The line cells <- which(sqrs %in% c(q)) (and the subsequent lines referencing rows and columns) is another one of those beautifully simple commands that made me start to fall in love with this language.  R has a built-in search function called which() that returns a vector of indices matching the condition in a given vector.  So, this line returns the indicies of sqrs that are of the same value as the vector we previously identified as holding the value of the current square.  Thus, we can pass this new vector (cells) to the test_val function.
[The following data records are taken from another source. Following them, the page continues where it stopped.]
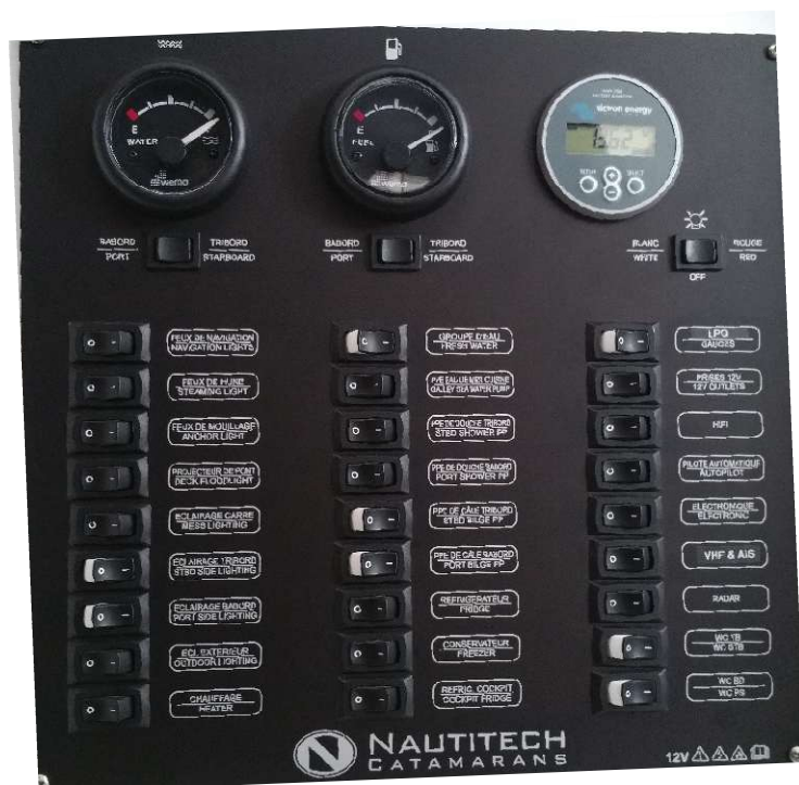
DC Electrical Panel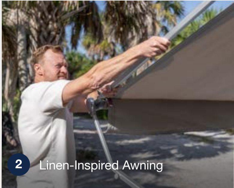
2 Linen-Inspired Awning

A/C moves under roadside bed for a clean silhouette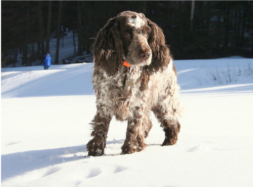
Cocker Spaniel ( Cocker Spaniel )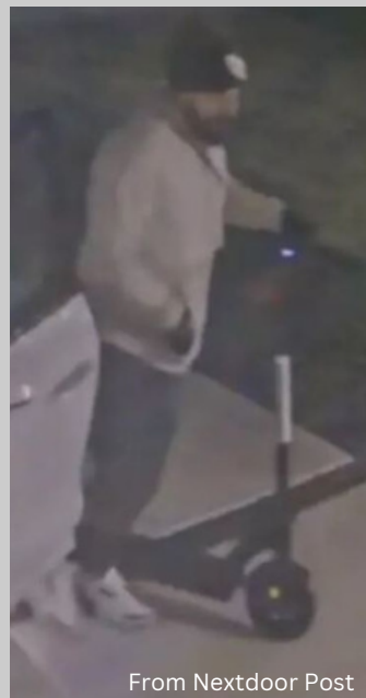
From Nextdoor Post

Many thanks to all the neighbors who are vigilant and helping to keep Elm Thicket/Northpark safe for everyone.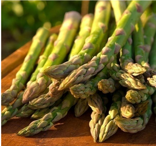
Asparagus officinalis L.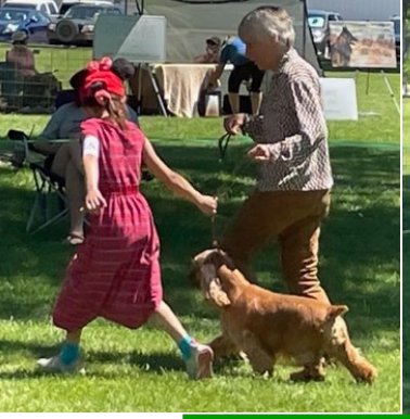
Our Pee Wees!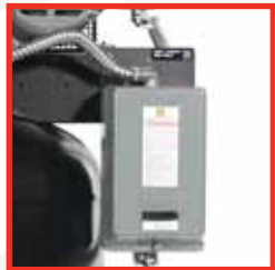
Mounted and wired motor starter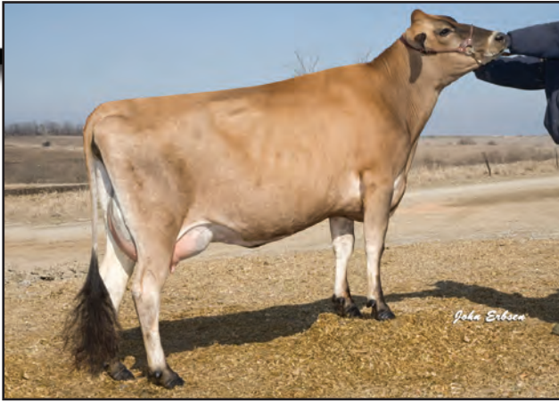
HEARTLAND ACTION CHLOE, VG-85% Great-Grandam of Lot 2759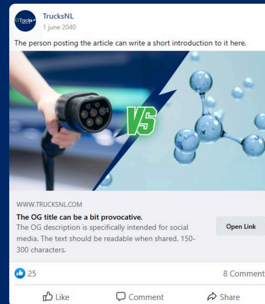
Example: Post on Facebook. The OG image, title, and description are displayed here.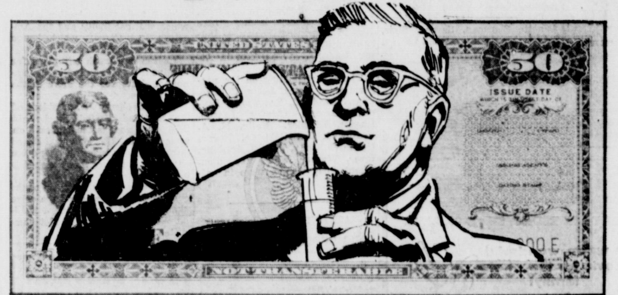
Money to let our scientists continue their search for answers. . . .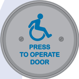
#59R4-HSS (Stainless Steel with Blue Paint Filled Legend)

Then we come to the main part of the script, which iterates through each of the 81 cells, adding 1 to the current cell (if it isn’t locked) and checking for validity before moving on to the next cell.  If the current cell is invalid, it adds one again and checks for validity (and so on).  If the value it reaches is 10 (invalid because we know solutions can only be between 1 and 9), it sets the value back to 0 and moves backwards one step to the most recently-used unlocked cell and adds one to it (then checks for validity, and so on).  This is brute force at its best, and is wildly inefficient, but always gets the job done.  I like brute force methods for those very reasons.  They may not be pretty, but they are infallible (as long as the puzzle given is possible to solve).

s <- 1

repeat {
  if(!locked_cells[s]) {
    sud[s] <- sud[s] + 1
    while(check_cell(s) > 0) {
      sud[s] <- sud[s] + 1
      if(sud[s] >= 10) {
        sud[s] <- 0
        s <- s - 1
        if(s==0) {
          break
        } else {
          while(locked_cells[s]) {
            s <- s - 1
            if(s==0) {break}
          }
        }
        sud[s] <- sud[s] + 1
      }
    }
  }
  if(s == 81 || s < 0) {
  break
}

  s <- s + 1
}

At this point, the puzzle is solved.  The vector sud has been modified and all 0s have been replaced with values that fit the puzzle.  In order to display it for humans to read easily, we need to translate it into a matrix.  Since I started with a matrix transposed to a vector, all I need to do is tell R to transpose it to a matrix:

sud_matrix <- matrix(sud,nrow=9,ncol=9)

Then, R allows a variable to be printed to the console just by mentioning it.

sud_matrix

If you have any questions, please feel free to leave a comment below.  Like 90% of my posts, this was left here mainly so I wouldn’t lose it.  But, I couldn’t help myself from waxing poetic about the language itself.  It truly is a lovely language, and I am excited to learn more about it – and statistics – as my self-led education continues.

Postscript

I modified the code slightly to understand how long a given puzzle would take to solve. The easy puzzle used in the above post took my relatively modern (though 32-bit) laptop 10 seconds to solve. The extremely difficult puzzle from this link took 13 minutes and 28 seconds.  I never said this code was fast, just that it worked!